Styx cambia volto, passa dalla leggerezza del clima vacanziero al peso delle responsabilità che potrebbero mettere in pericolo la propria e l’altrui vita. Il film mostra ciò che sentiamo nei telegiornali, che leggiamo su internet: la migrazione di popoli che rischiano di morire in mare per un futuro migliore. Chiede allo spettatore di entrare nell’argomento da passivo (lettore) ad attivo (partecipe) in una situazione imprevista. Se infatti queste storie di cronaca le conosciamo solo da terzi è perché accadono in mare, lontano. Spesso, come ha ricordato il regista, iniziano ancor prima, nel deserto, dove neanche arrivano all’opinione pubblica, non essendoci telecamere e cronisti.
Il linguaggio del film per raccontare la mutazione di Rike
In questo modo lo spettatore viene interrogato su come si comporterebbe lui, non le autorità, le associazioni o i politici. Fischer affronta la questione dei morti in mare senza distanza, senza volerne dare una soluzione né un giudizio etico. Semplicemente la umanizza, mostra l’episodio in modo così naturale che appare reale.
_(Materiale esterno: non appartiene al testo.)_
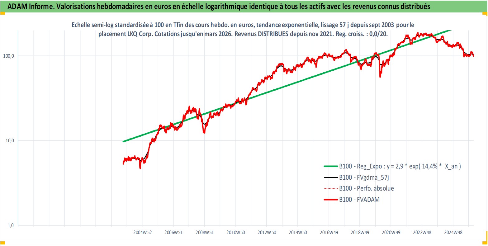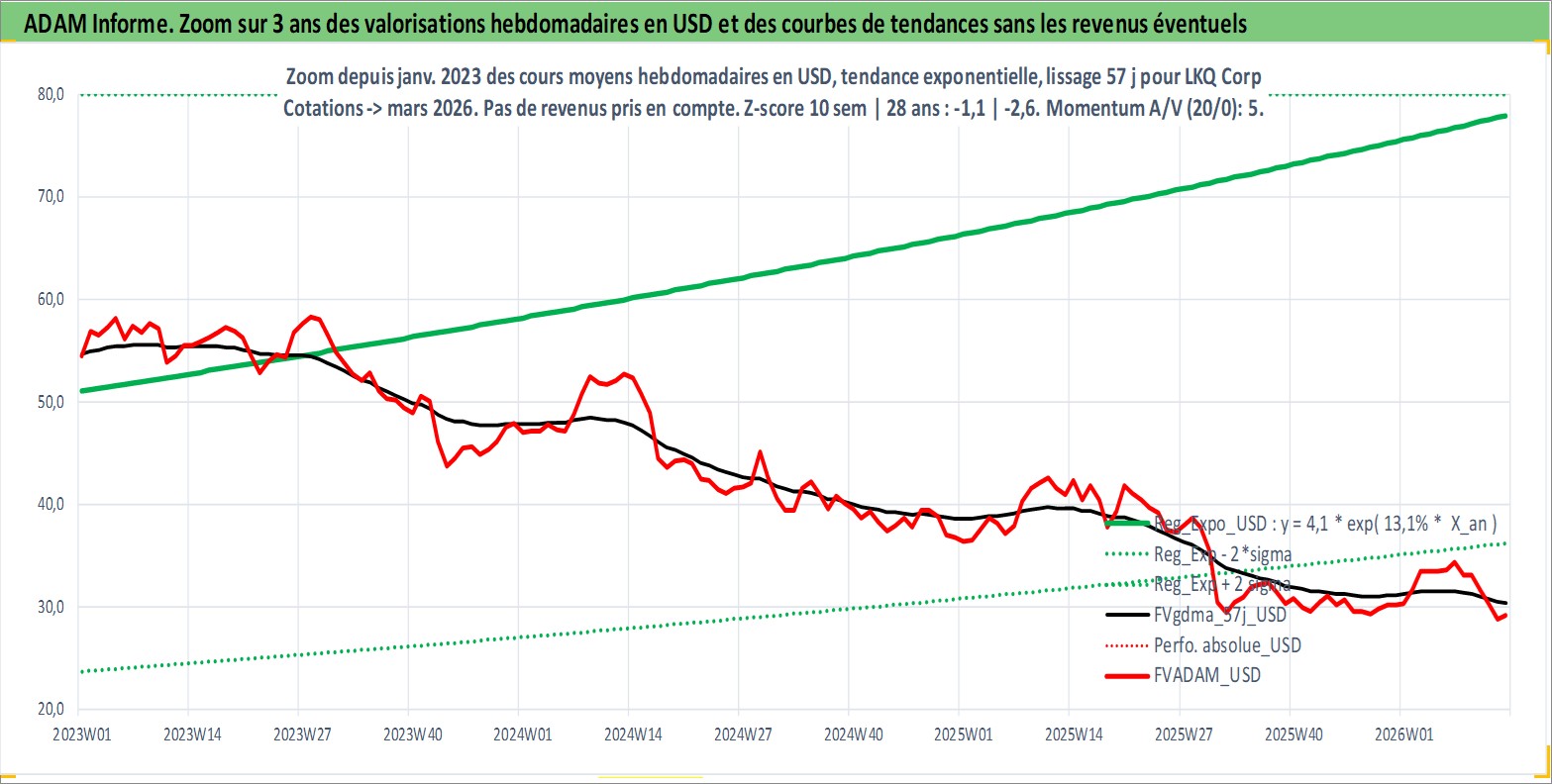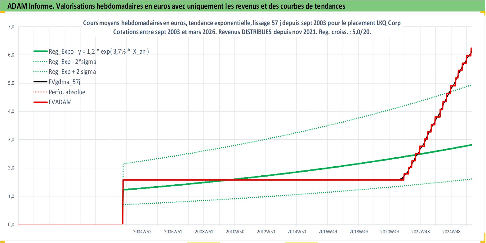 Site dédié aux investisseursPage dédiée sur site financeAnalyse des valorisations hebdomadaires de l'action LKQ Corp. Cet actif est cote en USD. Les valorisations sont en contrevaleur EURO et couvrent les semaines 2003W40 a 2026W13. Les revenus de cet actif financier sont pris en compte depuis la semaine 2021W45. La note globale ESG de cet actif est estimee a 16.0 (apres rebasage entre 0 et 20).
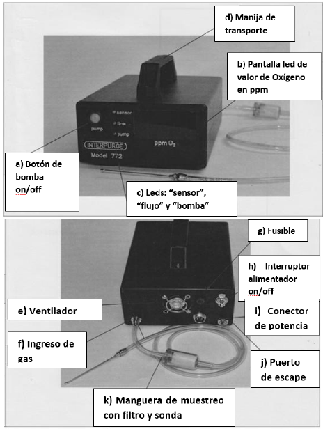 Figura 2: Medidor de oxígeno residual INTERPURGE Modelo 772. Vista frontal y posterior con los nombres de sus principales componentes.

Invece l’informazione spesso ci allontana e noi abbiamo questa forte capacità di abituarci a tutto, a ogni male, fino ad assorbirlo. Siamo anche bravi a separare ciò che ci riguarda nel nostro piccolo recinto, da ciò che non lo fa, anche se incredibilmente vicino, anche se ne accusiamo le ripercussioni.
Allora Styx fa entrare il mondo nel nostro recinto attraverso la sua protagonista, in cui noi viviamo per quei ’94 minuti di film.